**What this task involves**
Your task is to restate word for word the lines in the material below, from the one with "Make an impact" up to and including the one with "Платье длины миди, полуприлегающего". Do not carry over the pictures.

**Data**
*** Block opens ***

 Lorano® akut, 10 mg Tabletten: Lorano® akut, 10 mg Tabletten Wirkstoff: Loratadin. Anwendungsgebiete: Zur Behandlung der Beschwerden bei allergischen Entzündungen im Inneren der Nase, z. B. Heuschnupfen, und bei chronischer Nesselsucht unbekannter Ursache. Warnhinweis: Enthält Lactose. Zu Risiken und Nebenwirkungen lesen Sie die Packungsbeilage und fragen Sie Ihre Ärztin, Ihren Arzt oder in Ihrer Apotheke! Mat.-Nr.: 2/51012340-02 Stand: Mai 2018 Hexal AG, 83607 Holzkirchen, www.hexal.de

*** Block closes ***
*** Block opens ***

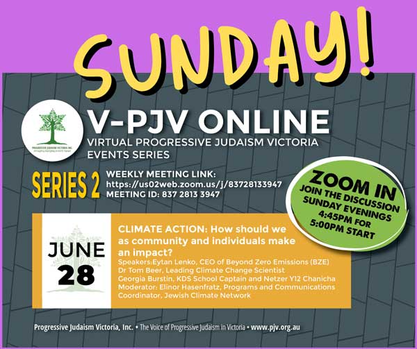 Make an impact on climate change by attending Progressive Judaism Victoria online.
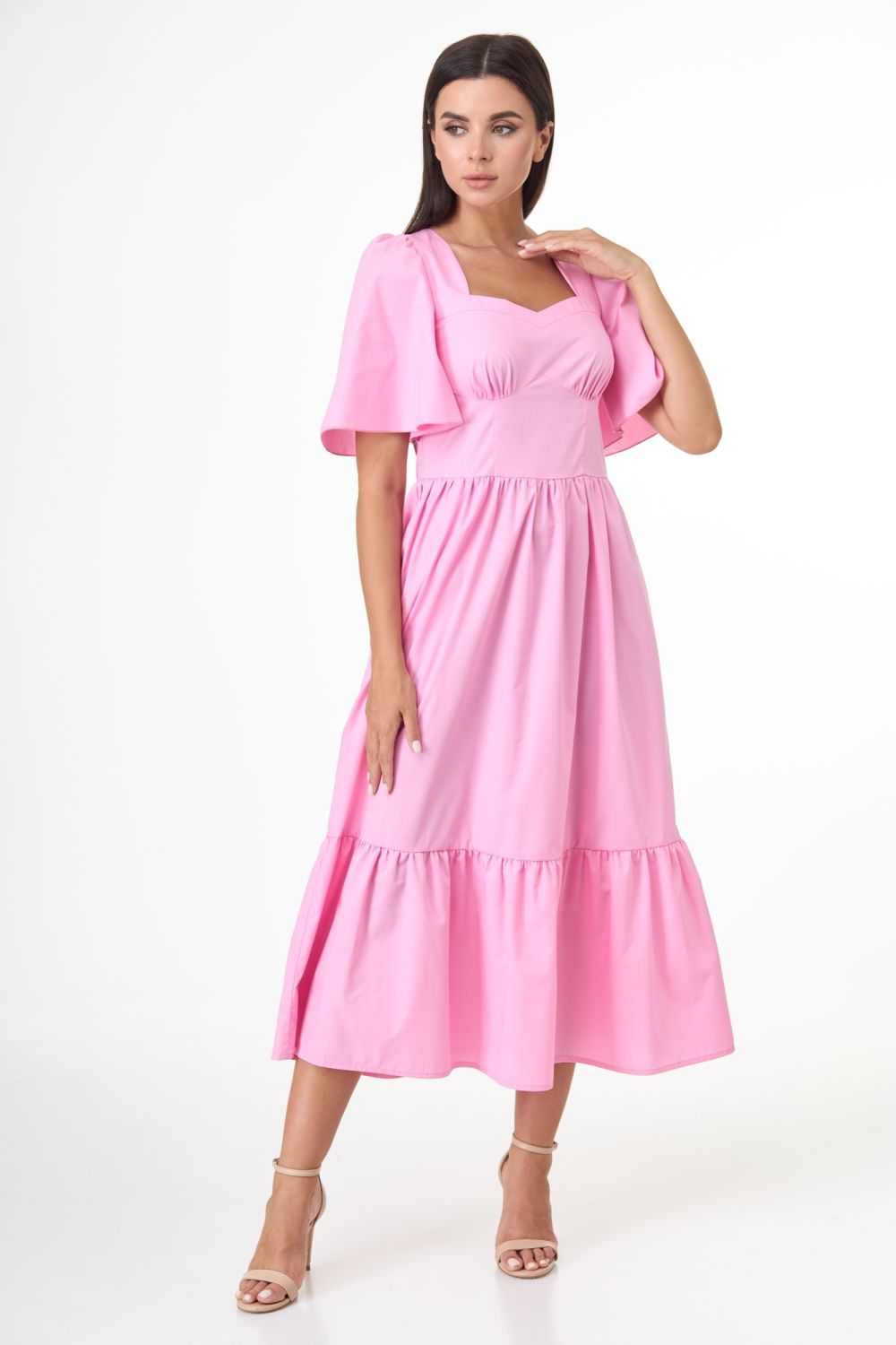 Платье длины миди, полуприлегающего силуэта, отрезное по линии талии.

*** Block closes ***

**Solution for this task**
 Make an impact on climate change by attending Progressive Judaism Victoria online.
 Платье длины миди, полуприлегающего силуэта, отрезное по линии талии.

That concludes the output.